Items listed in a dataset:
*** Block opens ***

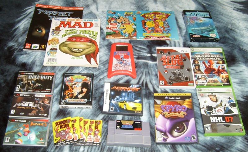 The Wii and 360 games came from my first trip to GameStop in about a year. Spyro, Asphalt Urban GT, and Prince of Persia were from Play n Trade. The rest were from eBay and were mostly add-ins from sellers' stores because I was grabbing games for others. I had to grab the Pac-Man 45's (small vinyl records, for the youngins reading this) and the DK cards. The Tomb Raider for N-Gage is just case and manual, if anyone need it.
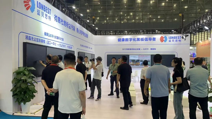 在為期三天的展會中,藍貝思特展區人頭攢動,吸引了眾多參觀者的目光。光能黑板憑借以其綠色環保、無粉塵無污染的特性,以及對學生視力和健康的保護效果,得到了廣大參觀者的高度評價。藍貝思特的光能板不僅滿足了教育裝備市場的需求,更體現了公司在科技創新和環保理念方面的領先地位。
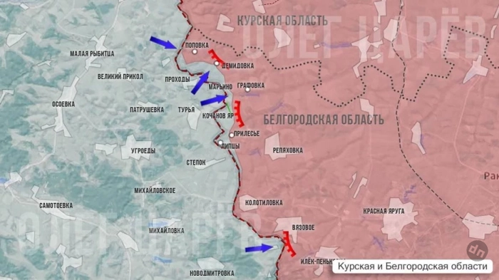 В Демидовке наши выбили врага из нескольких подвалов и хозпостроек на южной окраине. В окрестностях Поповки тоже идёт зачистка. По данным разведки, ВСУ продолжают подтягивать в ближайший район Сумской области орудия полевой артиллерии и РСЗО, по ним бьют наши военные. За сутки уничтожено девять единиц техники, в том числе пять - бронетанковой, отметил Олег Царёв в своём Telegram-канале.
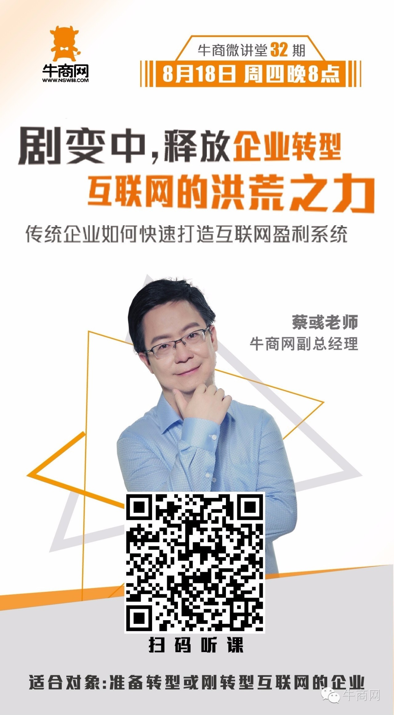 本周四晚8點(diǎn),牛商微講堂特邀網(wǎng)絡(luò)營(yíng)銷(xiāo)專家蔡彧老師,為傳統(tǒng)中小企業(yè)主快速打造互聯(lián)網(wǎng)盈利系統(tǒng)!掃描下方二維碼,報(bào)名即可召喚網(wǎng)絡(luò)營(yíng)銷(xiāo)“八方神器”,釋放企業(yè)轉(zhuǎn)型的洪荒之力!
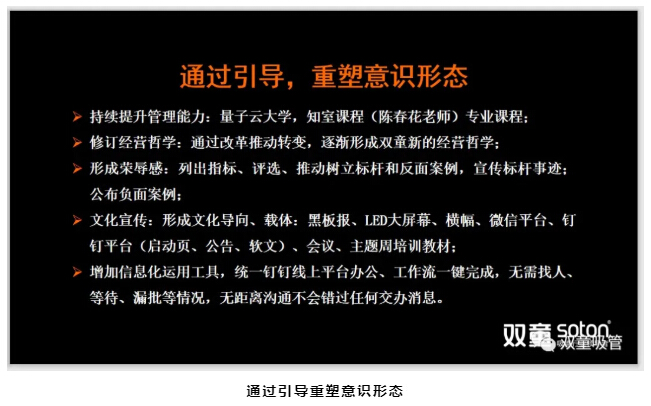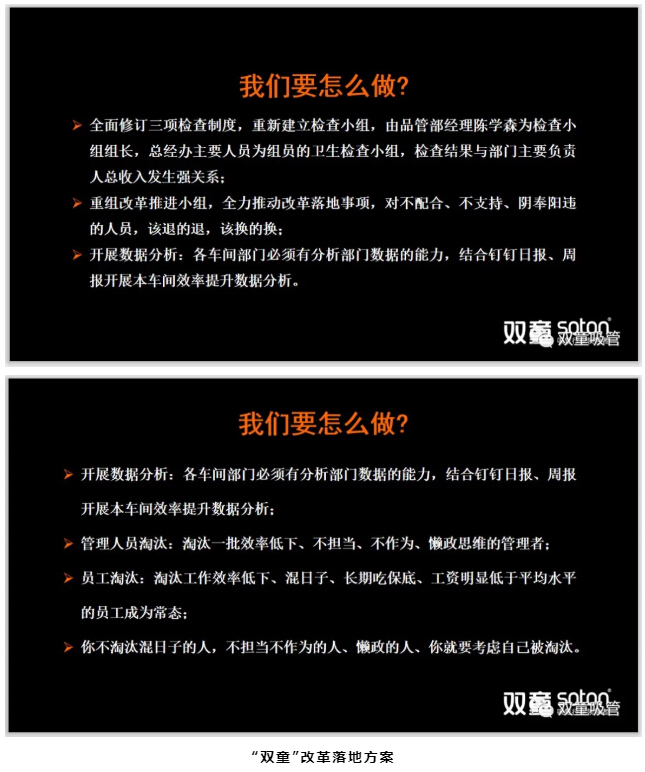 在樓仲平分享結(jié)束后,總經(jīng)理李二橋和大家分享了全面圍繞提升組織效率而展開(kāi)的改革落地方案,包括重建“雙童”改革小組和安全衛(wèi)生秩序檢查小組、形成崗位競(jìng)爭(zhēng)推動(dòng)優(yōu)勝劣汰、推動(dòng)車(chē)間數(shù)據(jù)分析能力、全面做好改革宣傳工作和文化引導(dǎo)工作、結(jié)合線上辦公平臺(tái)提升企業(yè)信息化水平等,在企業(yè)內(nèi)部建立起“以奉獻(xiàn)者為先、以?shī)^斗者為本”的新時(shí)代價(jià)值觀!
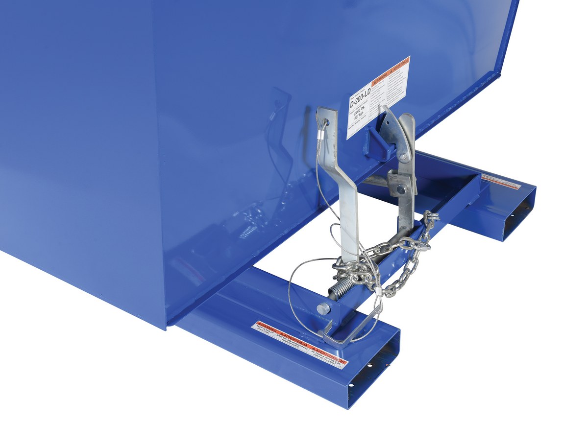 This Light Duty self-dumping steel Hopper with bumper release is ideal for the manufacturing and distributing facilities. The Hopper returns to an upright and locked position automatically after it dumps. Also includes a cable that may be operated from the seat of the fork truck to manually dump the hopper. (Length dimension is measured at top of chute.) Hopper is stackable if you stack the top hopper turned ninety (90) degrees from the bottom. Self-dumping hoppers facilitate compliance with OSHA general industry rule 29 CFR 1910.178(m)(5)(iii) by allowing lift truck operators to remain at the controls of their truck throughout the dumping process.
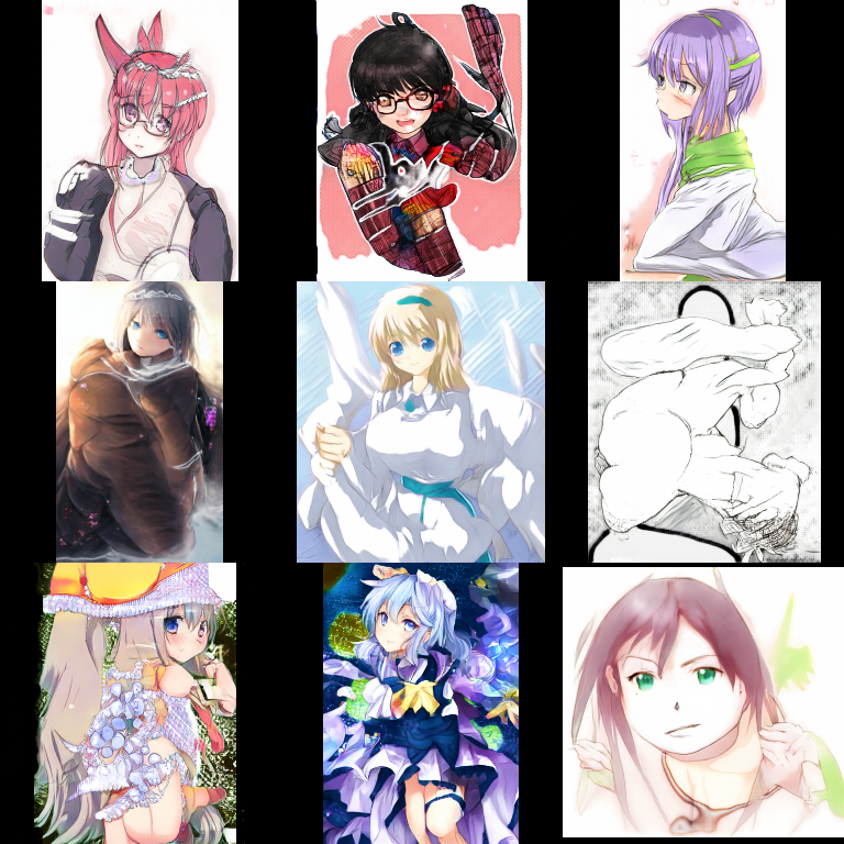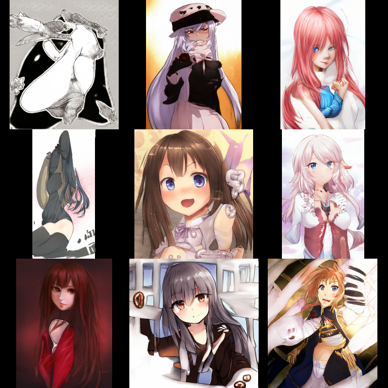 Run #83, BigGAN 256x256, one month of training, danbooru2019.pic.twitter.com/UJJTUJMB4H
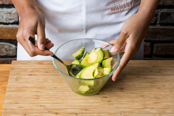 Die Avocado halbieren und den Kern entfernen. Das Avocadofleisch rautenförmig einschneiden und die Avocadowürfel mit einem großen Löffel aus der Schale lösen. Nach Geschmack mit Salz und Pfeffer sowie 1–2EL Sherryessig würzen.
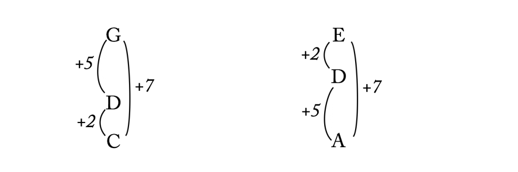 Conversely, to determine the TnI that relates two collections of pitch classes, find a common value to which they all sum. That is the n in TnI:
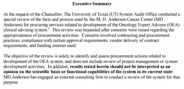 德克萨斯大学审计员提交的一份报告严厉地指出,与 IBM Watson的合作花费了MD Anderson 6200多万美元,却仍未达预期目标。
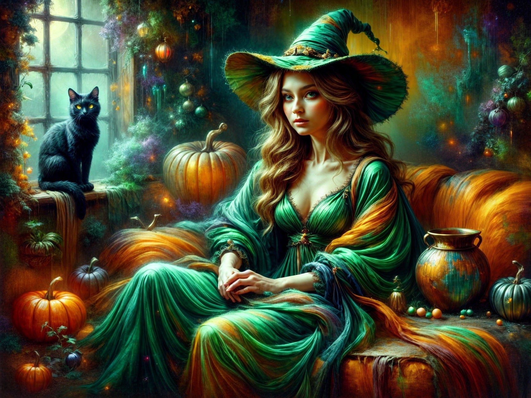 A mystical scene featuring a woman in a flowing green dress and pointed hat, seated near a window. Accompanied by a black cat, the room is adorned with glowing lanterns and magical decor.
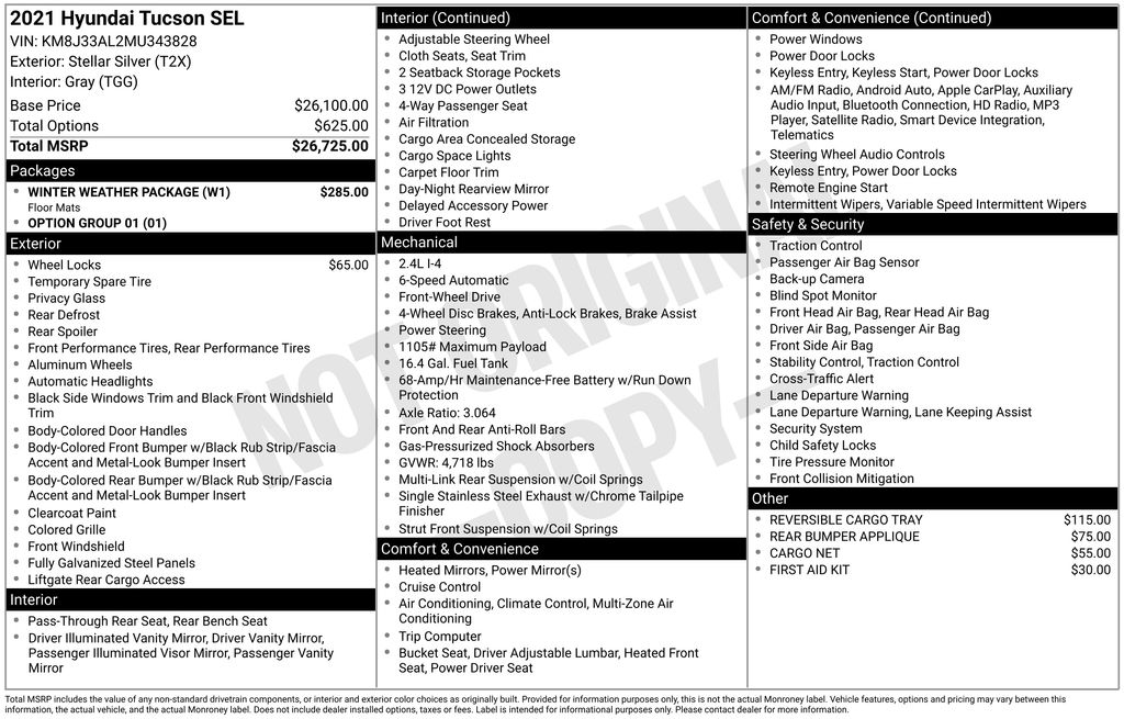 Priced below KBB Fair Purchase Price! Odometer is 11733 miles below market average! 2021 Hyundai Tucson SEL in Stellar Silver vehicle highlights include, **ALLOY WHEELS**, **KEYLESS ENTRY**, **BACK UP CAMERA**, ** MULTI FUNCTION STEERING WHEELS**, *PREMIUM SOUND SYSTEM**, **MUCH MORE**. Stellar Silver 2021 Hyundai Tucson SEL
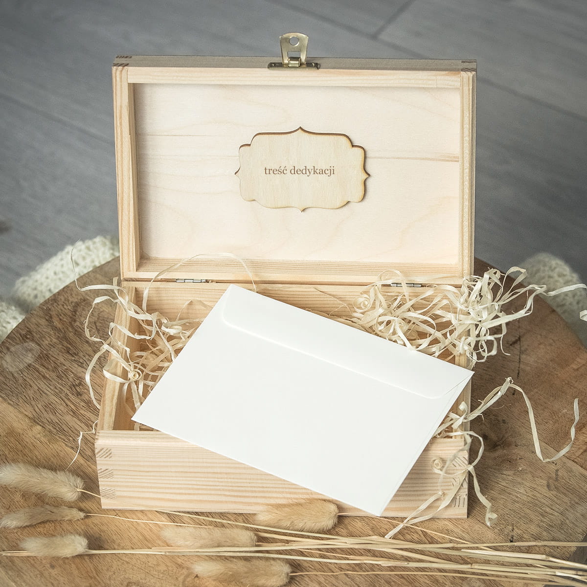 Pudełko ma wszystko, czego potrzebujesz. Indywidualny grawer, środek z dedykacją jeśli chcesz, wypełnienie w postaci sianka i koperty na banknoty.
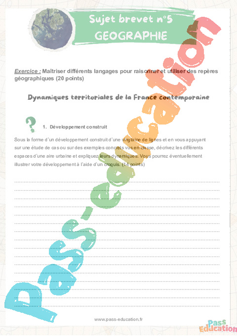 5 Dynamiques territoriales de la France contemporaine Sujets et corrigés du Brevet Géographie rtf
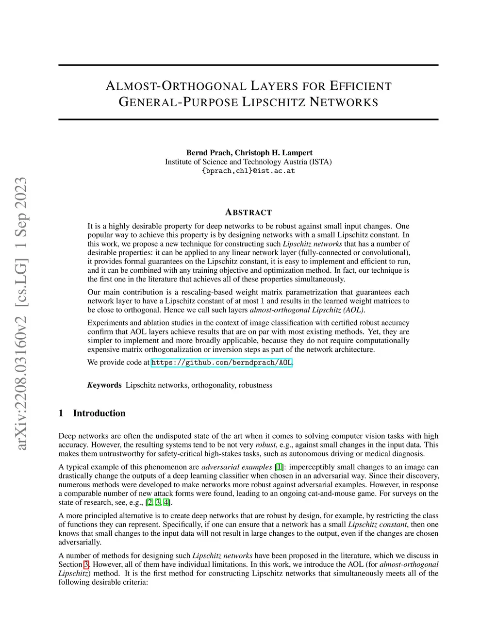 It is a highly desirable property for deep networks to be robust against small input changes. One popular way to achieve this property is by designing networks with a small Lipschitz constant. In this work, we propose a new technique for constructing such Lipschitz networks that has a number of desirable properties: it can be applied to any linear network layer (fully-connected or convolutional), it provides formal guarantees on the Lipschitz constant, it is easy to implement and efficient to run, and it can be combined with any training objective and optimization method. In fact, our technique is the first one in the literature that achieves all of these properties simultaneously. Our main contribution is a rescaling-based weight matrix parametrization that guarantees each network layer to have a Lipschitz constant of at most 1 and results in the learned weight matrices to be close to orthogonal. Hence we call such layers almost-orthogonal Lipschitz (AOL). Experiments and ablation studies in the context of image classification with certified robust accuracy confirm that AOL layers achieve results that are on par with most existing methods. Yet, they are simpler to implement and more broadly applicable, because they do not require computationally expensive matrix orthogonalization or inversion steps as part of the network architecture. We provide code at https://github.com/berndprach/AOL.
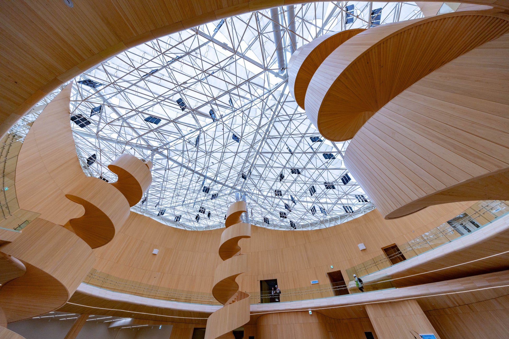 自然光が差し込む開放的な空間。再生医療やミライの人間洗濯機を展示。
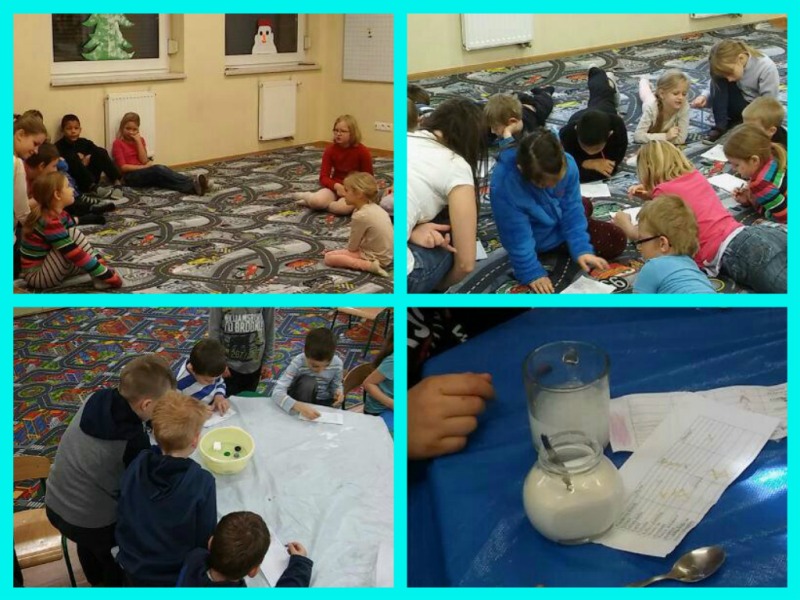 Obchodziliśmy Dzień Górnika - świetlicę odwiedził górnik w pełnym umundurowaniu i opowiadał, jak wygląda praca w kopalni. Dzieci wystąpiły przed gościem, śpiewając tradycyjne śląskie piosenki. Zawitał do nas również Św.Mikołaj, którego podopieczni świetlicy powitali z wielką radością. Odbył się konkurs na najpiękniejszą kartę na Boże Narodzenie oraz drugi, dotyczący wartościowego odżywiania, "Zdrowa żywność na talerzu". Ogłosiliśmy akcję charytatywną dla dzieci z Hospicjum - zbieramy czekolady (dołączcie się!:) Odbyła się świetlicowa wigilia - w tym dniu uroczyście zgromadziliśmy się przy stole, łamiąc się opłatkiem oraz kolędując. Każdego dnia prowadzimy zajęcia: plastyczne, ruchowe, taneczne, a kiedy odwiedzają nas studentki Uniwersytetu Śląskiego z grupy "Projektor" eksperymentujemy i konstruujemy!
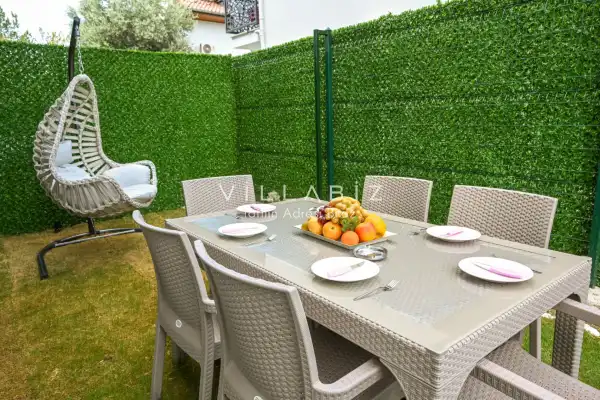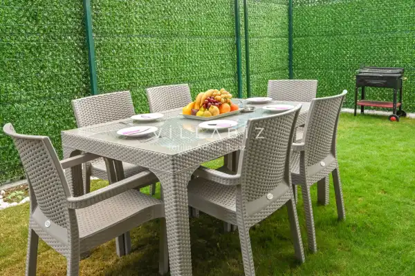 The villa has a total of 4 bedrooms and can accommodate up to 6 people. It is ideal for large families and groups of friends. The villa is furnished in a very stylish and modern style, with everything considered for our guests. You can sunbathe on the sun loungers on the pool terrace, enjoy wonderful meals at the garden table, and relax on the swing.

*** Block closes ***

◆ Task statement: Using the records above, return verbatim only the part that opens with the line containing "В Демидовке наши" and closes with the line containing "在樓仲平分享結(jié)束后"; pictures stay out.

◆ Answer for this exercise:
 В Демидовке наши выбили врага из нескольких подвалов и хозпостроек на южной окраине. В окрестностях Поповки тоже идёт зачистка. По данным разведки, ВСУ продолжают подтягивать в ближайший район Сумской области орудия полевой артиллерии и РСЗО, по ним бьют наши военные. За сутки уничтожено девять единиц техники, в том числе пять - бронетанковой, отметил Олег Царёв в своём Telegram-канале.
 本周四晚8點(diǎn),牛商微講堂特邀網(wǎng)絡(luò)營(yíng)銷(xiāo)專家蔡彧老師,為傳統(tǒng)中小企業(yè)主快速打造互聯(lián)網(wǎng)盈利系統(tǒng)!掃描下方二維碼,報(bào)名即可召喚網(wǎng)絡(luò)營(yíng)銷(xiāo)“八方神器”,釋放企業(yè)轉(zhuǎn)型的洪荒之力!
 在樓仲平分享結(jié)束后,總經(jīng)理李二橋和大家分享了全面圍繞提升組織效率而展開(kāi)的改革落地方案,包括重建“雙童”改革小組和安全衛(wèi)生秩序檢查小組、形成崗位競(jìng)爭(zhēng)推動(dòng)優(yōu)勝劣汰、推動(dòng)車(chē)間數(shù)據(jù)分析能力、全面做好改革宣傳工作和文化引導(dǎo)工作、結(jié)合線上辦公平臺(tái)提升企業(yè)信息化水平等,在企業(yè)內(nèi)部建立起“以奉獻(xiàn)者為先、以?shī)^斗者為本”的新時(shí)代價(jià)值觀!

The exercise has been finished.